A new report from CNN reveals that the Cambridge Analytica breach was pulling more than just the information people offered voluntarily on their profiles. The app, which Facebook granted permission for, was mining tons of data from our "likes," which, according to a 2013 study conducted by data scientists, could be used "automatically and accurately to predict a range of highly sensitive personal attributes."
It's freaky enough when we're casually browsing retail sites and then switch over to Facebook or Instagram to find targeted ads for the exact pair of shoes we were just checking out. But this latest revelation reveals an even more unsettling reality. Turns out this algorithm is able to predict race with 95 percent accuracy, gender with 93 percent accuracy, sexual orientation with 88 percent accuracy, and political affiliation with 85 percent accuracy.
Additional research published by data scientist Michal Kosinski revealed that with 10 likes on Facebook, the program knows you better than a colleague; with 70 likes, it knows you better than a friend or roommate; 150 likes, better than a family member; and with 300 likes, data mined from your likes allegedly knows you better than your own spouse.
"If you're leaving digital breadcrumbs online and living a digital life, as all of us are, you're constantly giving data points. Our smartphones, our computers, our email, the big companies—Amazon, Google, Facebook—they're collecting data on us every single step of the way," Timothy Summers, director of innovation, entrepreneurship and engagement at the University of Maryland's College of Information Studies, told CNN.

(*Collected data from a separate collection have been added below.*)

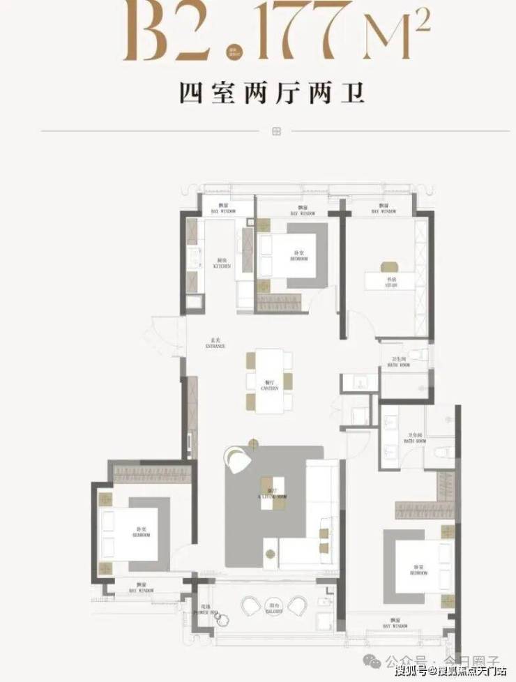 建面约177㎡四房户型,6重采光面,室室皆阳,是对于预算更高的客户,招商给出的又一全新选择。
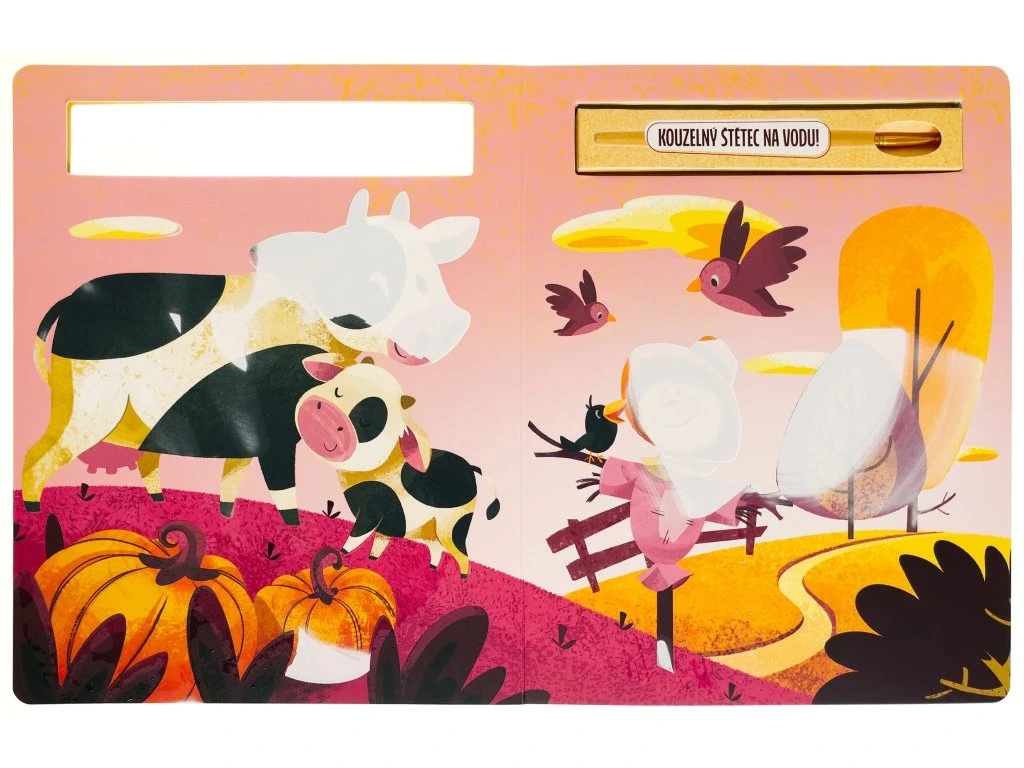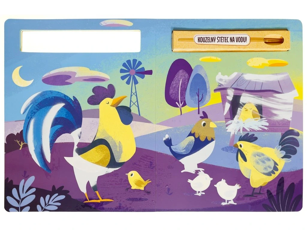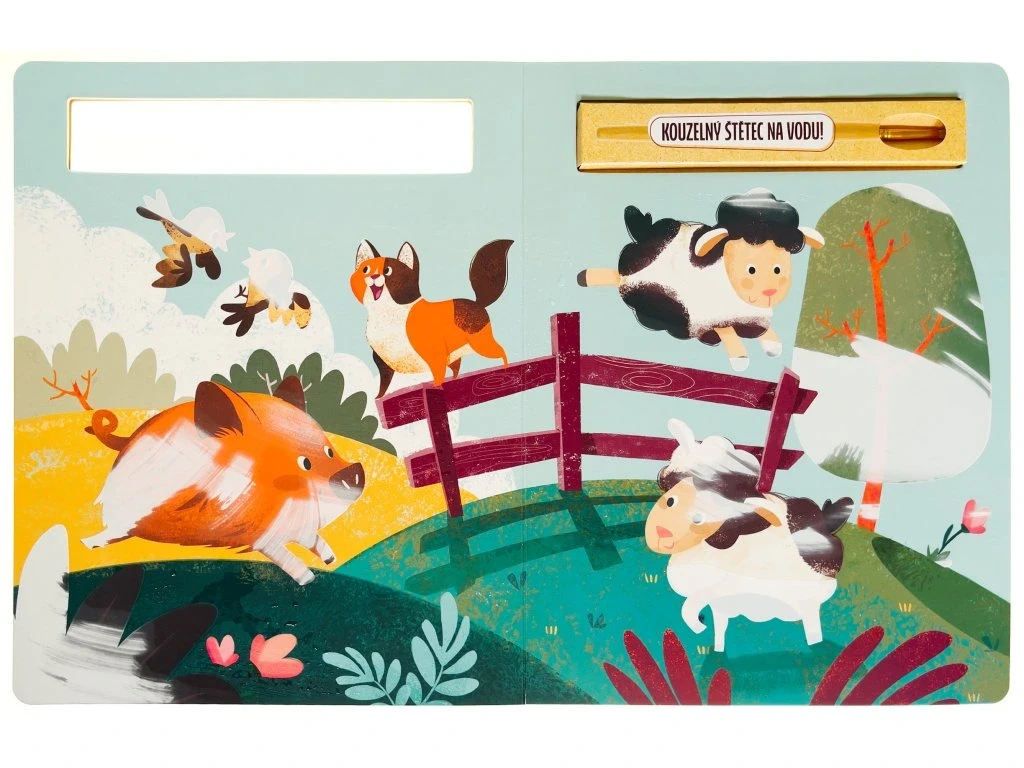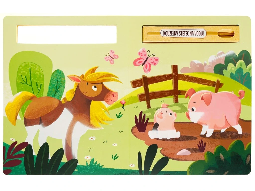 Pretri štetcom biele miesta v tejto knihe určenej na maľovanie vodou. Obrázky zvierat z farmy sa ako kúzlom objavia a až uschnú, farby zase zmiznú.
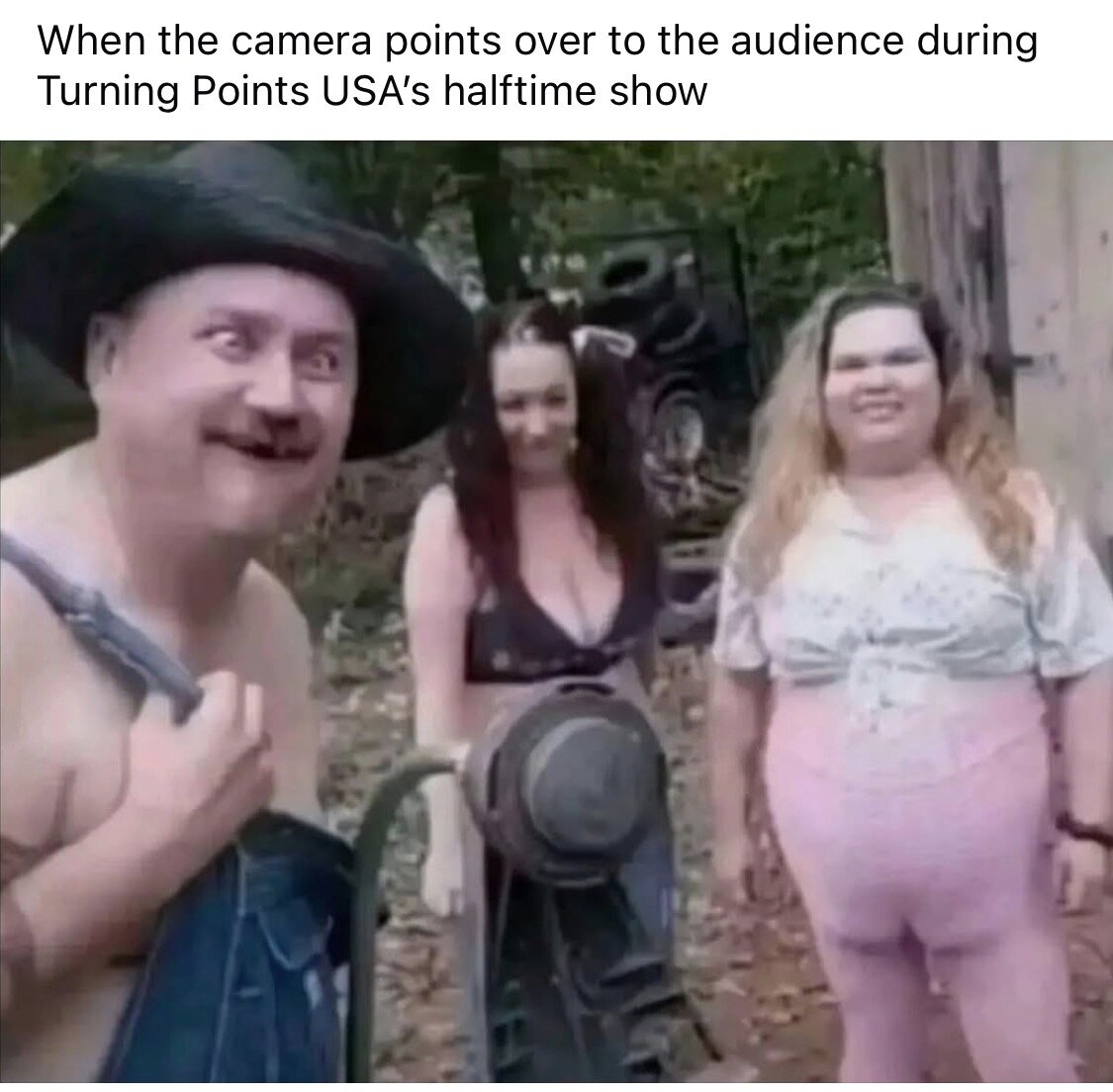February 6Feb 6 14 minutes ago, lynched1 said:He not the Puerto Rican guy in the dress right?Now I know you're playing dumb because the tweet you replied to even said "Kid Rock is set to headline Turning Point USA's Super Bowl halftime show this weekend."

While this may not be all that surprising to most of us at this point, what's unsettling is how deeply and intelligently data programs can then use this information to paint such a frighteningly accurate picture of our true personalities. While we can joke that with each day we are creeping closer and closer to living in a real life Black Mirror episode, this latest research proves that our dystopian digital futures are closer than we think.